Сулла вдруг захохотал, запрокинув подбородки и колыхаясь всем своим огромным телом:
— Когда я был нищ, я ненавидел всех, кто давал мне деньги! Они делали это, чтобы возвыситься в собственных глазах: «Смотрите, я достиг того, чтобы давать в долг!» А миловать — это то же самое: «Я достиг того, чтобы даровать жизнь!» Но это — даже еще хуже. Если помилованный хоть чего-то стоит, он будет ненавидеть эту свою дарованную жизнь, и больше всего — того, кто ему ее оставил! Нет, никогда не миловать, особенно — сильных и умных. Сильные и умные никогда не бывают верными. Верность правителю, любая безусловная верность вообще — удел людей неумных и зависимых. Почему, когда я простил тебя, ты не вернулся в Рим?
Цезарь посмотрел на него с отвращением.
— Я никогда бы тебе не поверил. Твое вероломство известно всем, ты многих так заманил в ловушку!
Взгляд Суллы стал насмешливым:
— Ты был бы прав. Если бы ты принял мою милость, я разочаровался бы в тебе. Сильно бы разочаровался. Меня не трогает ненависть римлян. Когда-нибудь поймут: всё, что я делал, было для Рима.
Взгляд Суллы вдруг изменился, голос стал торжественным. Цезарь смотрел на него во все глаза: наверное, Сулла мог бы стать актером, если бы захотел.

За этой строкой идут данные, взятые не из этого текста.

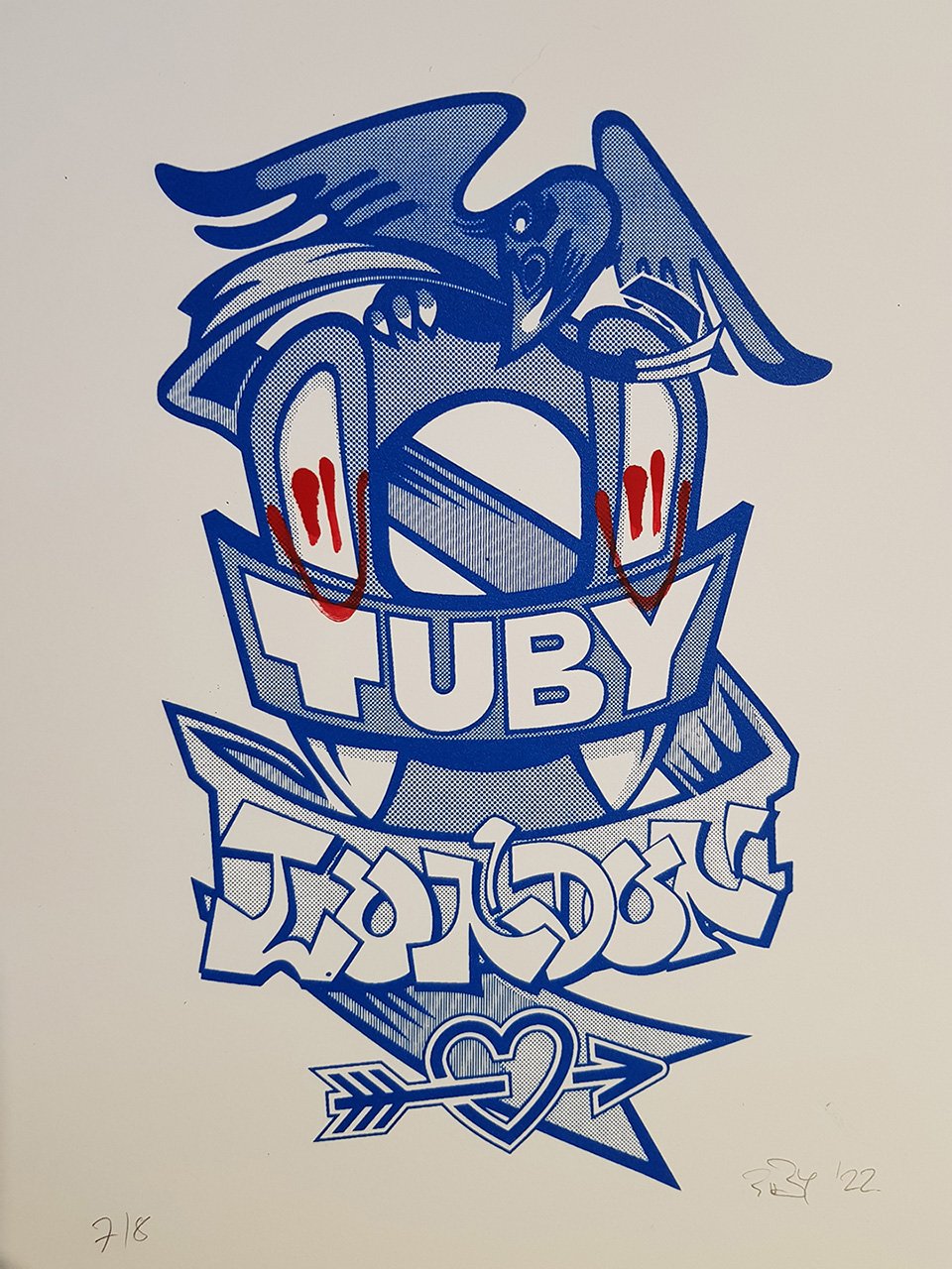 Created at a one day workshop these Artworks are the result of the first venture into screenprinting. There were only 8 made so are extremely rare instances of the Tuby Character

— Видишь ли, мальчик мой, — продолжил бывший диктатор, — я люблю эту проклятую, вонючую, хищную, ничего не прощающую нашу родину, самую великую страну в этом рабском, варварском мире! — Сулла смачно выплюнул виноградные косточки. — Рим — это мятежный, предательский плебс, это грызущие друг другу глотки сенаторы и патриции, это вечная гонка за места консулов, преторов, прокураторов, эдилов! Это — как состязания серпоколесных колесниц в Большом Цирке. Еще один круг! Следующий! Ты — еще жив! Ты видишь, как твои соперники, что глумились над тобой и унижали тебя, ломают шеи, перевернувшись на страшной скорости, как их рассекают серпы, а ты все хлещешь своих коней по взмыленным крупам, ты — впереди! И уже не можешь остановиться, даже если бы и хотел, это — не в твоей власти! — Сулла воодушевился, пятна на лице побагровели сильнее.